- Análise de GUDEA aponta que grande parte da repercussão online sobre o show do intervalo do Super Bowl foi alimentada por bots estrangeiros.
- Em estudo com 3,7 milhões de posts de mais de 1,2 milhão de usuários em 32 plataformas, apenas 3,7% das contas geraram 25,85% do conteúdo.
- A estratégia visava manter a discussão acesa, amplificando retórica polêmica para aprofundar divisões culturais e políticas nos EUA.
- O episódio ocorreu após controvérsia envolvendo Bad Bunny e causas associadas ao show, com programas concorrentes como o “All-American Halftime Show” buscando atrair públicos opostos.
- Autoridades e observadores citam impacto potencial para decisões de anunciantes e para a confiança da população em instituições, destacando risco de desinformação na opinião pública.
O que aconteceu envolve a repercussão online em torno da apresentação de Bad Bunny no intervalo do Super Bowl, em 8 de fevereiro. Relatórios apontam que grande parte da indignação virtual foi alimentada por bots estrangeiros de desinformação, que buscavam ampliar a divisão cultural e política nos EUA.
Segundo um relatório de GUDEA, analisa-se mais de 3,7 milhões de posts sobre Bad Bunny entre 14 de janeiro e 10 de fevereiro, de 1,2 milhão de usuários em 32 plataformas. Apenas 3,7% das contas geraram 25,85% do conteúdo, incluindo contas identificadas como bots estrangeiros.
A pesquisa também indica que a estratégia não visava apenas vencer discussões, mas manter o debate aceso, dificultando a identificação do que é real. O objetivo seria destabilizar a confiança nas instituições e reduzir a capacidade cívica da população.
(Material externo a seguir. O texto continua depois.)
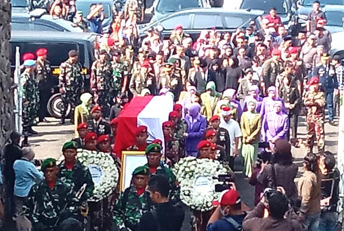 Prosesi pemakaman berlangsung dengan suasana yang khidmat. Bahkan selain dihadiri keluarga, kerabat, serta jajaran TNI yang memberikan penghormatan terakhir.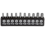 - 10 kpl ruuvauskärjet Torx (25 mm): TR10 - TR15 (x2) - TR20 (x2) - TR25 (x2) - TR27 - TR30 (x2)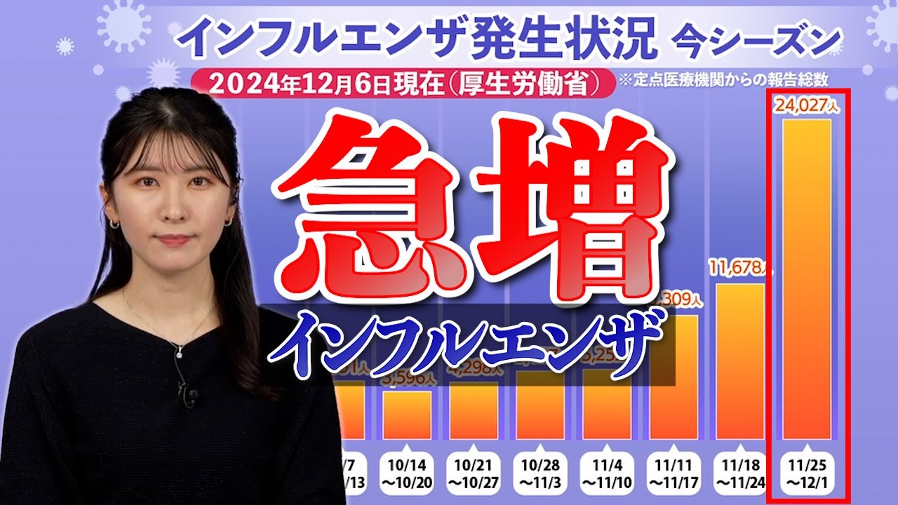 12月6日(金)、厚生労働省は2024年11月25日〜12月1日のインフルエンザ発生状況を発表しました。

Entre os envolvidos no debate, houve crítica a aspectos da apresentação que retratavam trabalhadores porto-riquenhos, além de controvérsias sobre a entrega de um Grammy a uma criança ligada a boatos de detenção pela imigração, embora os relatos sobre esse caso tenham se mostrado infundados.
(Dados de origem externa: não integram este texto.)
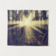 Esta foto ofrece un bosque del árbol de pino que estalla con los rayos de sol.

A cobertura do tema ganhou contornos políticos com críticas de figuras conservadoras, como o ex-presidente Donald Trump, que classificou o show como incompatível com determinados padrões. O episódio também contou com uma resposta paralela de organizações conservadoras que veicularam programação própria durante o intervalo.
Em comparação internacional
A análise cita episódios anteriores de desinformação envolvendo celebridades, lembrando campanhas com figuras como Taylor Swift e outras personalidades, nas quais narrativas falsas teriam sido manipuladas para ampliar a divisão pública.
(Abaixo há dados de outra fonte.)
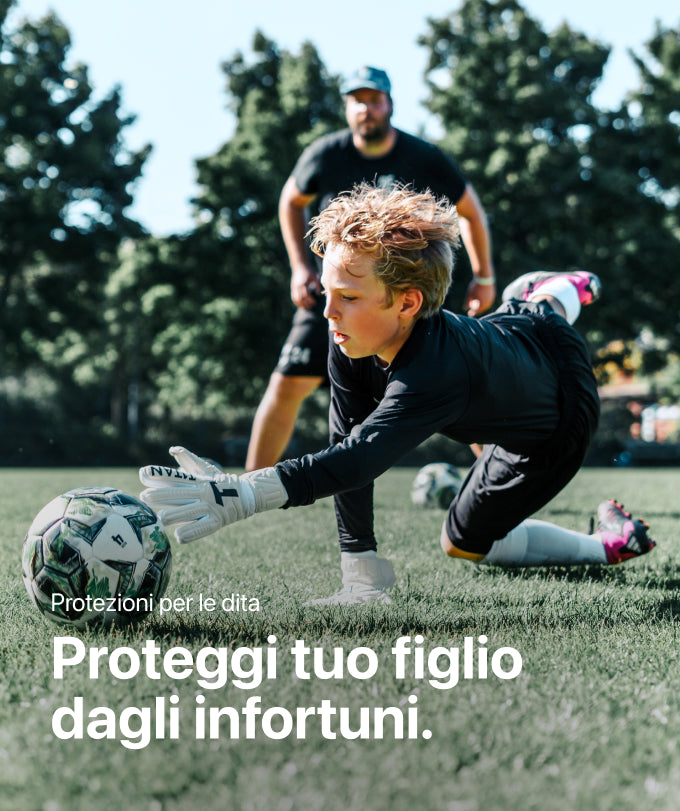 Le protezioni extra-flessibili proteggono le dita durante i colpi e riducono l'allungamento eccessivo involontario. Allo stesso tempo il pollice ha piena libertà di movimento. Ciò riduce attivamente gli infortuni, anche durante i tiri forti. -

Keith Presley, CEO da GUDEA, afirma que a tática é criar uma dinâmica de conflito contínuo na sociedade, dificultando a distinção entre conteúdo autêntico e fabricado. A empresa alerta que anunciantes também podem ser impactados por dados não confiáveis usados para decisões de investimento.
Em relação ao contexto do Super Bowl, não há confirmação de que uma entidade estrangeira específica tenha provocado a avalanche de desinformação. O relatório ressalta a necessidade de cautela ao interpretar padrões de engajamento em plataformas digitais e reforça a importância de fontes confiáveis.